The Seahawks, coming off their bye week, will most likely be without starting quarterback Tarvaris Jackson (pectoral), but it didn't stop backup Charlie Whitehurst from coming off the bench in the third quarter to beat the Giants on Oct. 9. Whitehurst, who will likely make just his third NFL start Sunday, completed 11 of 19 attempts for 149 yards and the game-winning TD pass to Doug Baldwin. Whitehurst earned a 100.5 rating en route to the 36-25 victory.

"It doesn't matter to us which quarterback they play," said defensive tackle Phil Taylor. "They both can run and we have to get either one of them contained."

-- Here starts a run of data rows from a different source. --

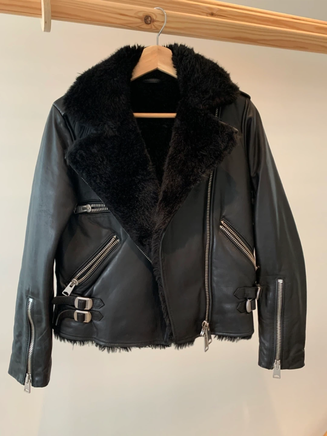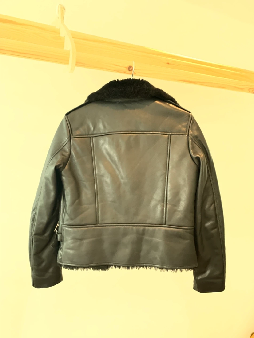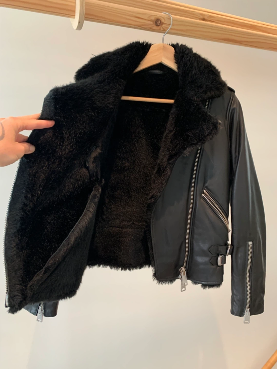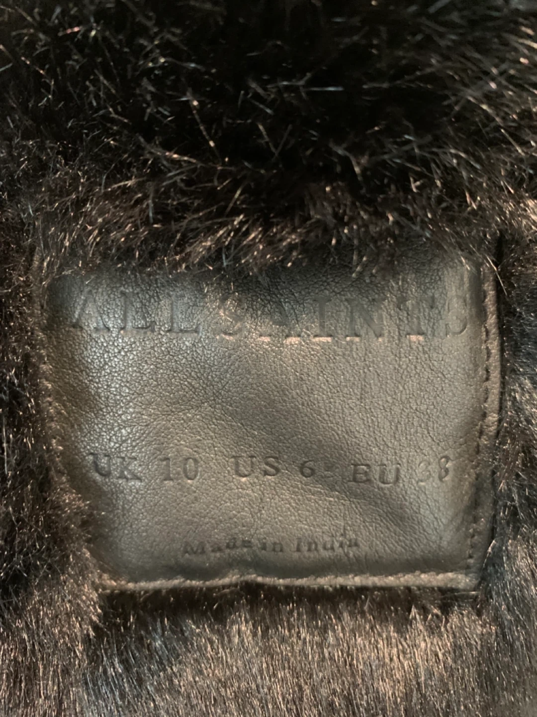 It's a size US 6. The jacket features a cozy faux fur collar and lining. It is scent-free, and from a clean and smoke-free environment.
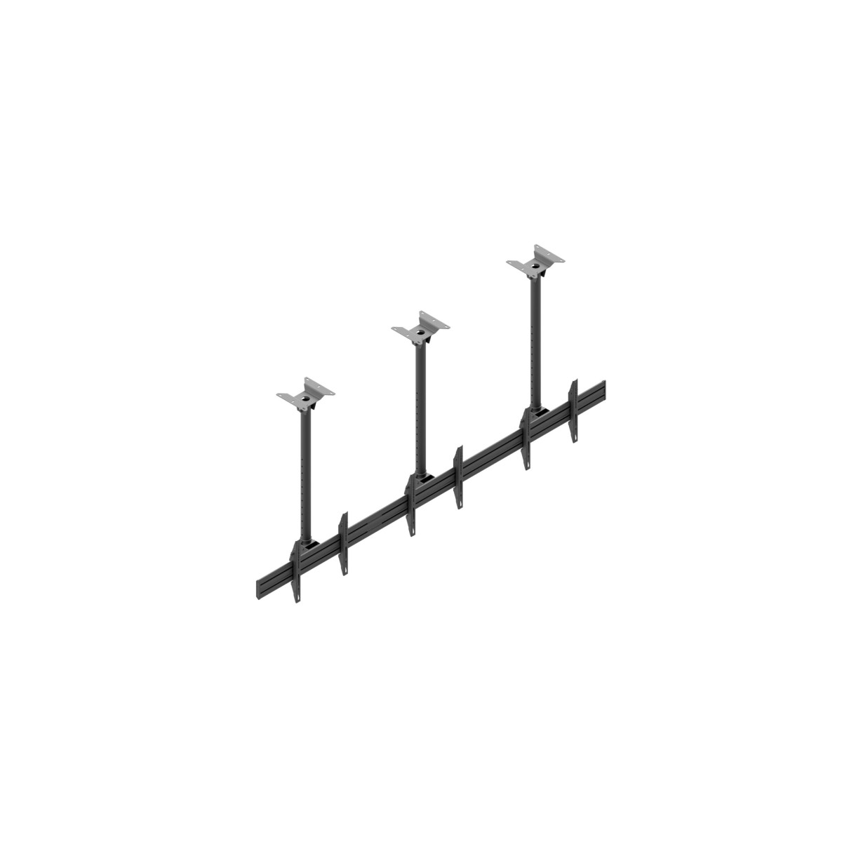 Product code:MBV3147-L is a robust and accurately manufactured ceiling mount for three screens. It features a slim structure and simple design. Stepwise height adjustment ensures accurate fastening, and the integrated cable routing system allows the cabling to be hidden, guaranteeing aesthetic appearance. Equipped with safety devices that protect the screen against falling, it is perfect for hotels, restaurants and public buildings. The MBV3147-L mount is a perfect solution for those who value aesthetics and comfort during use.
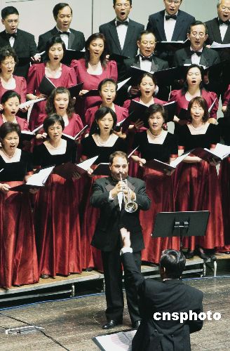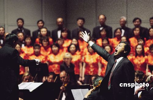 六月十二日,為紀念抗日戰(zhàn)爭勝利六十周年,美國硅谷愛樂合唱團,青青合唱團,圣荷西華人合唱團,圣荷西知青合唱團在美西圣荷西藝術(shù)演出中心聯(lián)合演出《黃河大合唱》。作者:陳鋼
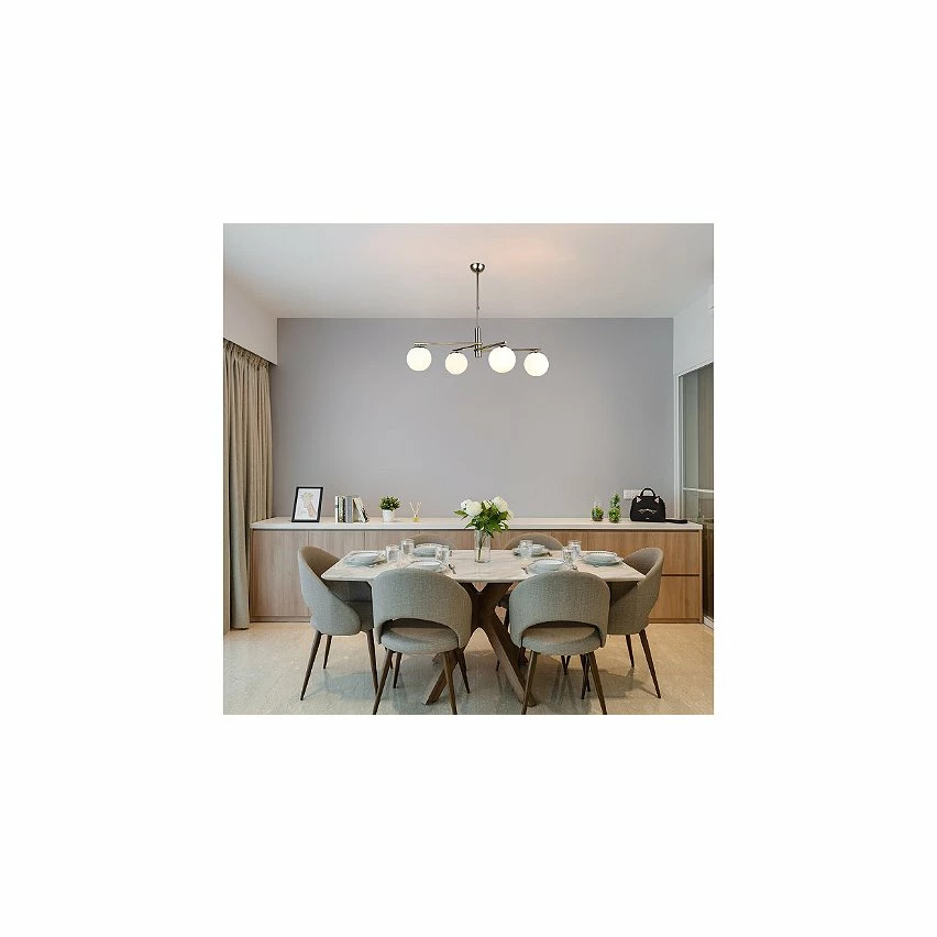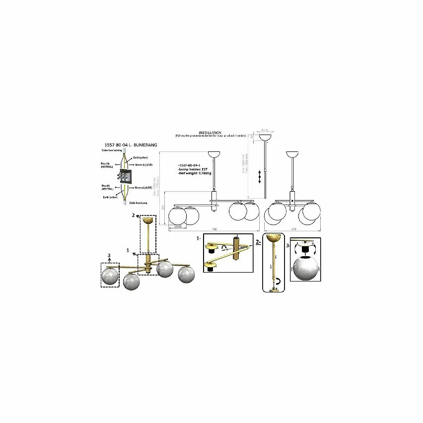 Cette lampe suspendue est la solution parfaite pour éclairer votre maison ou votre bureau avec style. Grâce à sa conception, il est idéal pour les espaces de vie et de repos. Kit de montage inclus, facile à nettoyer, facile à assembler. Couleur: Or | Dimensions: 42x84x75 cm | Matériel: Métal, Verre | Puissance: 4 x E27, Max 40W | Poids du produit: 2,66 Kg | Ampoule: Non incluse| Poids de l’imballage: 3,57 Kg | Nombres de boîtes: 1 | Dimensions de boîtes: 46x46x20 cm

The Browns will have to be alert if they choose to substitute during the no-huddle. Subs must run on and off quickly and coaches must keep the personnel straight. Making it more difficult is that linebacker Scott Fujita -- who helps D'Qwell Jackson make the calls -- is out with a concussion and will be replaced by Kaluka Maiava. Cornerback Joe Haden is also questionable with his sprained might knee and might be replaced by Dimitri Patterson.

"There are times in any no-huddle situation where you can substitute," said Jauron. "If the ball is thrown 40, 50 yards downfield, you've got time to get people in and out. Any time they substitute, which they do on the move, you can substitute. The official should give us ample time to get lined up. It stresses everybody."

Patterson boiled it down to two main things for the defense.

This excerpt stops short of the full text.